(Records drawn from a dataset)
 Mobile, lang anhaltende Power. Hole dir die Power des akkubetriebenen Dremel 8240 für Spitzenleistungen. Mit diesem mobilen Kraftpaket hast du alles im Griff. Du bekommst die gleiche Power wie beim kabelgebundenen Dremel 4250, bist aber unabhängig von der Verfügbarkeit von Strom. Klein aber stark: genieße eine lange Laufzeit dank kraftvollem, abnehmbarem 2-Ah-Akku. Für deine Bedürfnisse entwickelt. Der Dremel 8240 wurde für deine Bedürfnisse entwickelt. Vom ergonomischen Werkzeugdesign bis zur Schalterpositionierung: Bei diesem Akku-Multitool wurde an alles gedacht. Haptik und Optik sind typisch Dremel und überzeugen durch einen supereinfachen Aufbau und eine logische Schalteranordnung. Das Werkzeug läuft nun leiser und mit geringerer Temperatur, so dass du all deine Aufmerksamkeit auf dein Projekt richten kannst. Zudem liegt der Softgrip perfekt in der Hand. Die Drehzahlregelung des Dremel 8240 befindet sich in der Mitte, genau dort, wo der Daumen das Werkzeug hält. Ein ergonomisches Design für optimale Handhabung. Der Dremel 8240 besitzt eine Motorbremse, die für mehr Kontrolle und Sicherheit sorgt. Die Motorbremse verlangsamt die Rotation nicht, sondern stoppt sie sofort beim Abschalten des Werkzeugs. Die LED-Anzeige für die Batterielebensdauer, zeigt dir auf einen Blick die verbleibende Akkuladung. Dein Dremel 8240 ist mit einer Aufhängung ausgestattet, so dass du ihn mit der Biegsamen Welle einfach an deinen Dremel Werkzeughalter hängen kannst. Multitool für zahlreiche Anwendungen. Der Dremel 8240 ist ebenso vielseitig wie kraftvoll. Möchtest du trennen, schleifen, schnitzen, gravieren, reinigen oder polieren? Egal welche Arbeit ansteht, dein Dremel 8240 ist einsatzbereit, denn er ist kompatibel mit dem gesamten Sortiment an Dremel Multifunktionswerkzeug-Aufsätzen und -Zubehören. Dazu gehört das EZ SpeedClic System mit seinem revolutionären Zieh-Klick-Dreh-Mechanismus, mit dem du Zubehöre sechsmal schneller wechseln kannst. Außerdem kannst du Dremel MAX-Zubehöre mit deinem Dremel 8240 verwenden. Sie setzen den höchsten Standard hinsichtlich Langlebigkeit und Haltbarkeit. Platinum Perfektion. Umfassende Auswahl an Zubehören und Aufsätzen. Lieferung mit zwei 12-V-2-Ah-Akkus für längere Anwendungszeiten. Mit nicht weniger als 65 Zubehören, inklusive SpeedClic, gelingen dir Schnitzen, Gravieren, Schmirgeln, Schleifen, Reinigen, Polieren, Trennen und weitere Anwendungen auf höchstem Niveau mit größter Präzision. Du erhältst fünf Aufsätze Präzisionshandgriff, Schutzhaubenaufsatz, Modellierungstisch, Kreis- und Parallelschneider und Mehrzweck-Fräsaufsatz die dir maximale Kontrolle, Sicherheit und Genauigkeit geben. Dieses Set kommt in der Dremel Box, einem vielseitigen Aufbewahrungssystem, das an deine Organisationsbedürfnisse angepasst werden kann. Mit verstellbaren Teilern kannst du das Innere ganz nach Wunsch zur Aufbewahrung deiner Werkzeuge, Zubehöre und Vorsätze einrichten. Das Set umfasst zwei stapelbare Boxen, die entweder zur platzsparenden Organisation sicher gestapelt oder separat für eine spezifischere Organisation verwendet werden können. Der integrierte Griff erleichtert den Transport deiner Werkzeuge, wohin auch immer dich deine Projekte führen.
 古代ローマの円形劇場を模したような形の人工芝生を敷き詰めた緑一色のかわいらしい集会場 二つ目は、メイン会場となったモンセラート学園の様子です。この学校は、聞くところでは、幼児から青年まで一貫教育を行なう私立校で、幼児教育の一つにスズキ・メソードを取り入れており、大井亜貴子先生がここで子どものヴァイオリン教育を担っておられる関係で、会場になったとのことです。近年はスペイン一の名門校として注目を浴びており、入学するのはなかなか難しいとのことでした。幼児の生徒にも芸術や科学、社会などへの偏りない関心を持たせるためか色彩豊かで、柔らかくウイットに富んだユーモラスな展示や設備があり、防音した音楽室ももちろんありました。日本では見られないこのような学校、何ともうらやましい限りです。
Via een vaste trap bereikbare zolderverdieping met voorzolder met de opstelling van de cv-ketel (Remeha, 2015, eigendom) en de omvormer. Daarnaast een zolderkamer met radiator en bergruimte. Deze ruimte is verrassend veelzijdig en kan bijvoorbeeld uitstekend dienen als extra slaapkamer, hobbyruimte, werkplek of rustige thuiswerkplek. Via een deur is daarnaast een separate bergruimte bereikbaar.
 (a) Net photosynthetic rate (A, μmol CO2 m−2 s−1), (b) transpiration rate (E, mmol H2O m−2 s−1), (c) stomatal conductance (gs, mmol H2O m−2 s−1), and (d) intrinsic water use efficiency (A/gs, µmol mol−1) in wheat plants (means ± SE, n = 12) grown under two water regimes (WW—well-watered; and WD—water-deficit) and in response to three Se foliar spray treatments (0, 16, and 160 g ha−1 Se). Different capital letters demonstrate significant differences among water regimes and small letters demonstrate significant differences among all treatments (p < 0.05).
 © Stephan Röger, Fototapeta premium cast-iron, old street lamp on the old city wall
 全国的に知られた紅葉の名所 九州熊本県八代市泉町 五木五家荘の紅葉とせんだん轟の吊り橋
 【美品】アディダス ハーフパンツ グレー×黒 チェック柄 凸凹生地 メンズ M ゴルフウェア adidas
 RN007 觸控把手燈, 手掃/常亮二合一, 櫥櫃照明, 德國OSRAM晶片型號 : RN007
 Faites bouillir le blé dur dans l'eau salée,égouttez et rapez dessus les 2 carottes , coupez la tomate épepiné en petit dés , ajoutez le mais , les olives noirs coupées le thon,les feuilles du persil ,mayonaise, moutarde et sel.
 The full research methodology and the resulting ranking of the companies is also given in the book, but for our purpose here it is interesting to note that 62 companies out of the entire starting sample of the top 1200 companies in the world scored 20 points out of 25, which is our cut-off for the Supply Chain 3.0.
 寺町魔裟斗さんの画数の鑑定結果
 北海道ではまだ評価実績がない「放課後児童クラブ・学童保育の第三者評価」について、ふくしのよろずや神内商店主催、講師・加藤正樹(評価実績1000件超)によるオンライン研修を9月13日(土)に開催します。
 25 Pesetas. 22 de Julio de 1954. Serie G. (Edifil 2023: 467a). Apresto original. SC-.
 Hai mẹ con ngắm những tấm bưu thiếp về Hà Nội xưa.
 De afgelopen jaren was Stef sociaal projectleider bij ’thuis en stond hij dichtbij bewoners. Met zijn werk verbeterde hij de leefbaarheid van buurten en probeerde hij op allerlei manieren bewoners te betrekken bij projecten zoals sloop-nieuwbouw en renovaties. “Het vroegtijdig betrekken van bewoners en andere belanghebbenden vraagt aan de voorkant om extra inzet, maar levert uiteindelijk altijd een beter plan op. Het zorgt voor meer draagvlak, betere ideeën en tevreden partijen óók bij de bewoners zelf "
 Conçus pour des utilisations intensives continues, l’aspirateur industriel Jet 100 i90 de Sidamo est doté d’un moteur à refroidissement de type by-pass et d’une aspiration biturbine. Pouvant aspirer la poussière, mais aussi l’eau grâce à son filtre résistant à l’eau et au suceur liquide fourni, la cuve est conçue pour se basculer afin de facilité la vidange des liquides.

§ Required action:
Write out the records above exactly as given.

§ Response:
 Mobile, lang anhaltende Power. Hole dir die Power des akkubetriebenen Dremel 8240 für Spitzenleistungen. Mit diesem mobilen Kraftpaket hast du alles im Griff. Du bekommst die gleiche Power wie beim kabelgebundenen Dremel 4250, bist aber unabhängig von der Verfügbarkeit von Strom. Klein aber stark: genieße eine lange Laufzeit dank kraftvollem, abnehmbarem 2-Ah-Akku. Für deine Bedürfnisse entwickelt. Der Dremel 8240 wurde für deine Bedürfnisse entwickelt. Vom ergonomischen Werkzeugdesign bis zur Schalterpositionierung: Bei diesem Akku-Multitool wurde an alles gedacht. Haptik und Optik sind typisch Dremel und überzeugen durch einen supereinfachen Aufbau und eine logische Schalteranordnung. Das Werkzeug läuft nun leiser und mit geringerer Temperatur, so dass du all deine Aufmerksamkeit auf dein Projekt richten kannst. Zudem liegt der Softgrip perfekt in der Hand. Die Drehzahlregelung des Dremel 8240 befindet sich in der Mitte, genau dort, wo der Daumen das Werkzeug hält. Ein ergonomisches Design für optimale Handhabung. Der Dremel 8240 besitzt eine Motorbremse, die für mehr Kontrolle und Sicherheit sorgt. Die Motorbremse verlangsamt die Rotation nicht, sondern stoppt sie sofort beim Abschalten des Werkzeugs. Die LED-Anzeige für die Batterielebensdauer, zeigt dir auf einen Blick die verbleibende Akkuladung. Dein Dremel 8240 ist mit einer Aufhängung ausgestattet, so dass du ihn mit der Biegsamen Welle einfach an deinen Dremel Werkzeughalter hängen kannst. Multitool für zahlreiche Anwendungen. Der Dremel 8240 ist ebenso vielseitig wie kraftvoll. Möchtest du trennen, schleifen, schnitzen, gravieren, reinigen oder polieren? Egal welche Arbeit ansteht, dein Dremel 8240 ist einsatzbereit, denn er ist kompatibel mit dem gesamten Sortiment an Dremel Multifunktionswerkzeug-Aufsätzen und -Zubehören. Dazu gehört das EZ SpeedClic System mit seinem revolutionären Zieh-Klick-Dreh-Mechanismus, mit dem du Zubehöre sechsmal schneller wechseln kannst. Außerdem kannst du Dremel MAX-Zubehöre mit deinem Dremel 8240 verwenden. Sie setzen den höchsten Standard hinsichtlich Langlebigkeit und Haltbarkeit. Platinum Perfektion. Umfassende Auswahl an Zubehören und Aufsätzen. Lieferung mit zwei 12-V-2-Ah-Akkus für längere Anwendungszeiten. Mit nicht weniger als 65 Zubehören, inklusive SpeedClic, gelingen dir Schnitzen, Gravieren, Schmirgeln, Schleifen, Reinigen, Polieren, Trennen und weitere Anwendungen auf höchstem Niveau mit größter Präzision. Du erhältst fünf Aufsätze Präzisionshandgriff, Schutzhaubenaufsatz, Modellierungstisch, Kreis- und Parallelschneider und Mehrzweck-Fräsaufsatz die dir maximale Kontrolle, Sicherheit und Genauigkeit geben. Dieses Set kommt in der Dremel Box, einem vielseitigen Aufbewahrungssystem, das an deine Organisationsbedürfnisse angepasst werden kann. Mit verstellbaren Teilern kannst du das Innere ganz nach Wunsch zur Aufbewahrung deiner Werkzeuge, Zubehöre und Vorsätze einrichten. Das Set umfasst zwei stapelbare Boxen, die entweder zur platzsparenden Organisation sicher gestapelt oder separat für eine spezifischere Organisation verwendet werden können. Der integrierte Griff erleichtert den Transport deiner Werkzeuge, wohin auch immer dich deine Projekte führen.
 古代ローマの円形劇場を模したような形の人工芝生を敷き詰めた緑一色のかわいらしい集会場 二つ目は、メイン会場となったモンセラート学園の様子です。この学校は、聞くところでは、幼児から青年まで一貫教育を行なう私立校で、幼児教育の一つにスズキ・メソードを取り入れており、大井亜貴子先生がここで子どものヴァイオリン教育を担っておられる関係で、会場になったとのことです。近年はスペイン一の名門校として注目を浴びており、入学するのはなかなか難しいとのことでした。幼児の生徒にも芸術や科学、社会などへの偏りない関心を持たせるためか色彩豊かで、柔らかくウイットに富んだユーモラスな展示や設備があり、防音した音楽室ももちろんありました。日本では見られないこのような学校、何ともうらやましい限りです。
Via een vaste trap bereikbare zolderverdieping met voorzolder met de opstelling van de cv-ketel (Remeha, 2015, eigendom) en de omvormer. Daarnaast een zolderkamer met radiator en bergruimte. Deze ruimte is verrassend veelzijdig en kan bijvoorbeeld uitstekend dienen als extra slaapkamer, hobbyruimte, werkplek of rustige thuiswerkplek. Via een deur is daarnaast een separate bergruimte bereikbaar.
 (a) Net photosynthetic rate (A, μmol CO2 m−2 s−1), (b) transpiration rate (E, mmol H2O m−2 s−1), (c) stomatal conductance (gs, mmol H2O m−2 s−1), and (d) intrinsic water use efficiency (A/gs, µmol mol−1) in wheat plants (means ± SE, n = 12) grown under two water regimes (WW—well-watered; and WD—water-deficit) and in response to three Se foliar spray treatments (0, 16, and 160 g ha−1 Se). Different capital letters demonstrate significant differences among water regimes and small letters demonstrate significant differences among all treatments (p < 0.05).
 © Stephan Röger, Fototapeta premium cast-iron, old street lamp on the old city wall
 全国的に知られた紅葉の名所 九州熊本県八代市泉町 五木五家荘の紅葉とせんだん轟の吊り橋
 【美品】アディダス ハーフパンツ グレー×黒 チェック柄 凸凹生地 メンズ M ゴルフウェア adidas
 RN007 觸控把手燈, 手掃/常亮二合一, 櫥櫃照明, 德國OSRAM晶片型號 : RN007
 Faites bouillir le blé dur dans l'eau salée,égouttez et rapez dessus les 2 carottes , coupez la tomate épepiné en petit dés , ajoutez le mais , les olives noirs coupées le thon,les feuilles du persil ,mayonaise, moutarde et sel.
 The full research methodology and the resulting ranking of the companies is also given in the book, but for our purpose here it is interesting to note that 62 companies out of the entire starting sample of the top 1200 companies in the world scored 20 points out of 25, which is our cut-off for the Supply Chain 3.0.
 寺町魔裟斗さんの画数の鑑定結果
 北海道ではまだ評価実績がない「放課後児童クラブ・学童保育の第三者評価」について、ふくしのよろずや神内商店主催、講師・加藤正樹(評価実績1000件超)によるオンライン研修を9月13日(土)に開催します。
 25 Pesetas. 22 de Julio de 1954. Serie G. (Edifil 2023: 467a). Apresto original. SC-.
 Hai mẹ con ngắm những tấm bưu thiếp về Hà Nội xưa.
 De afgelopen jaren was Stef sociaal projectleider bij ’thuis en stond hij dichtbij bewoners. Met zijn werk verbeterde hij de leefbaarheid van buurten en probeerde hij op allerlei manieren bewoners te betrekken bij projecten zoals sloop-nieuwbouw en renovaties. “Het vroegtijdig betrekken van bewoners en andere belanghebbenden vraagt aan de voorkant om extra inzet, maar levert uiteindelijk altijd een beter plan op. Het zorgt voor meer draagvlak, betere ideeën en tevreden partijen óók bij de bewoners zelf "
 Conçus pour des utilisations intensives continues, l’aspirateur industriel Jet 100 i90 de Sidamo est doté d’un moteur à refroidissement de type by-pass et d’une aspiration biturbine. Pouvant aspirer la poussière, mais aussi l’eau grâce à son filtre résistant à l’eau et au suceur liquide fourni, la cuve est conçue pour se basculer afin de facilité la vidange des liquides.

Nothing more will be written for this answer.